Bone density measurement and definition of osteoporosis
Since 2005, NHANES has performed dual-energy X-ray absorptiometry (DXA) scans of the proximal femur for eligible survey participants aged 8 and older at the MEC [16]. Pregnant women were excluded from DXA examinations. DXA scans were performed using a Hologic QDR-4500A fan-beam densitometer (Hologic, Inc., Bedford, Massachusetts). The radiation exposure from femoral DXA scans is extremely low, less than 20 microsieverts.
According to the World Health Organization (WHO) criteria, T-scores are calculated by comparing an individual’s bone mineral density (BMD) with the average BMD of healthy young adults [17]. This method plays a significant role in the diagnosis of osteoporosis. In this study, T-scores ≤ −2.5 were defined as osteoporosis, while T-scores between −1.0 and −2.5 were classified as non-osteoporotic [17].

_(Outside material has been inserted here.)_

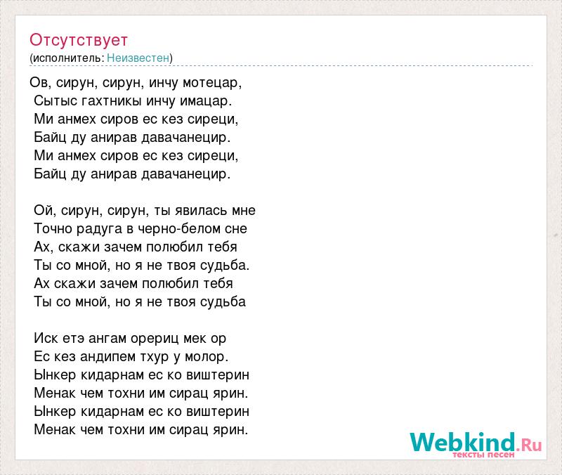 Ов, сирун, сирун, инчу мотецар, Сытыс гахтникы инчу имацар. Ми анмех сиров ес кез сиреци, Байц ду анирав давачанецир. Ми анмех сиров ес кез сиреци, Байц ду анирав давачанецир. Ой, сирун, сирун, ты явилась мне Точно радуга в черно-белом сне Ах, скажи зачем полюбил тебя Ты со мной, но я не твоя судьба. Ах скажи зачем полюбил тебя Ты со мной, но я не твоя судьба Иск етэ ангам орериц мек ор Ес кез андипем тхур у молор. Ынкер кидарнам ес ко виштерин Менак чем тохни им сирац ярин. Ынкер кидарнам ес ко виштерин Менак чем тохни им сирац ярин.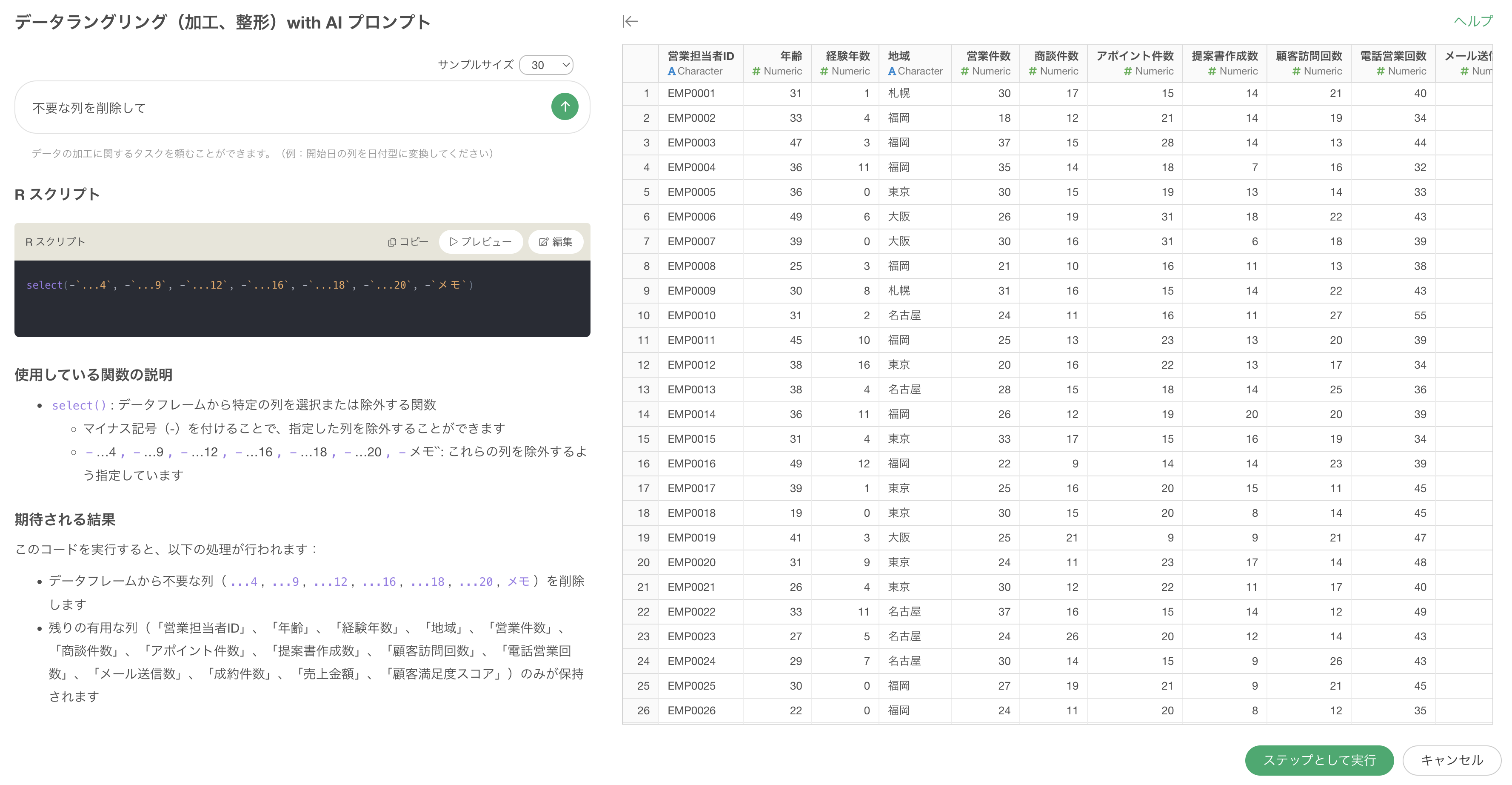 これらの不要な列を一括で削除するために、ExploratoryのAIプロンプト機能を使用します。

Determination of death data
NHANES mortality and follow-up data are obtained by matching with the National Death Index (NDI), a resource that helps researchers determine if study participants have died [18]. NDI also provides selected mortality information for participants’ deaths, including death dates and causes, as well as International Classification of Diseases (ICD-10) codes [19]. In this study, mortality status was updated through April 28, 2022.
We collected data from 28,470 participants aged 20 and older across five cycles of NHANES (2005–2010, 2013–2014, and 2017–2018). Other cycles were excluded due to unavailable data on total femur and femoral neck bone mineral density. We excluded 11,890 participants due to missing alcohol – related data or non – drinking status, 4,387 due to missing osteoporosis data, and 15 due to incomplete mortality follow – up. A total of 12,178 participants were included (see Fig 1). The NCHS Research Ethics Review Board ensured informed consent from all participants. For detailed statistics, refer to the National Health and Nutrition Examination Survey website (https://www.cdc.gov/nchs).
Covariant
We referenced a series of comprehensive factors from prior studies as covariates [20]. Demographic factors included age, sex, and BMI, while sociocultural factors were represented by race, education, family income, marital status, and smoking status. BMI was categorized into three groups: 18.5 to 25 kg/m², 25–30 kg/m², and ≥30 kg/m². Race/ethnicity was captured by dividing participants into three groups: non-Hispanic White, non-Hispanic Black, and other (multiracial). Educational attainment was categorized as less than high school, high school diploma or equivalent, and college graduate or higher. Marital status was defined as cohabiting (married or living with a partner) versus living alone (widowed, divorced, separated, or never married). Family income, based on the poverty-income ratio, was stratified into three categories: ≤ 1.30, 1.31–3.50, and >3.5. Smoking status was divided into two groups: non-smokers (<100 cigarettes in a lifetime) and former smokers (>100 cigarettes in a lifetime but currently abstinent) were classified as non-smokers, while current smokers (>100 cigarettes in a lifetime and still smoking) were classified as smokers. We also considered physician-diagnosed conditions, including coronary heart disease, stroke, congestive heart failure, hyperlipidemia, hypertension, and diabetes, to highlight the profound impact of chronic diseases on our study.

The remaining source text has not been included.